The fusion download service automatically routes based on the file_id prefix to the corresponding backend. download_bytes reads the entire file into memory and returns bytes, suitable for small files. download_to_stream writes the data streamingly into the specified BinaryIO output stream, suitable for directly writing download content to a file or buffer. download_to_generator returns an asynchronous generator that yields data in chunks, suitable for streaming response scenarios.

# Download as byte data
data = await fusion_download.download_bytes("s3:my-bucket/reports/uuid_report.pdf")

# Download to output stream
with open("output.pdf", "wb") as f:
    await fusion_download.download_to_stream("s3:my-bucket/reports/uuid_report.pdf", f)

# Streaming download (async iterator)
async for chunk in fusion_download.download_to_generator(some_file_id):
    process(chunk)

Mixed-Source Batch Download as Zip

download_files_as_zip supports packaging multiple files from S3 and FastDFS into a single ZIP archive written to an output stream. Each file is specified via FileDownload with its file_id and an optional display name. The service automatically identifies the source backend and streams each file's content into the ZIP archive. When file_name is missing, the filename part from the file_id is used as the entry name in the ZIP archive.

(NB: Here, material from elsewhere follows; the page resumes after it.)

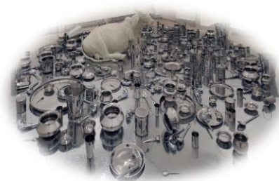
4.B Mixed Media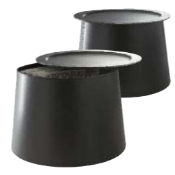
STASH Lee West Side table with a removable top, providing practical storage space. Covered with black buffalo hide. Dimensions H 14¼" Ø 19¼"; H 36cm Ø 50cm

Duplicate entry names are automatically suffixed with a sequence number to avoid overwrites.

from s3py_helper.storage import FileDownload
import io

files = [
    FileDownload(file_id="s3:my-bucket/reports/uuid_report.pdf", file_name="report.pdf"),
    FileDownload(file_id="group1/M00/00/00/old_contract.pdf", file_name="contract.pdf"),
]
buf = io.BytesIO()
await fusion_download.download_files_as_zip(files, buf)

For scenarios where the ZIP stream needs to be sent directly to a FastAPI StreamingResponse, the stream_zip method can be used. It returns an asynchronous generator that internally uses a queue to parallelize ZIP writing and network sending.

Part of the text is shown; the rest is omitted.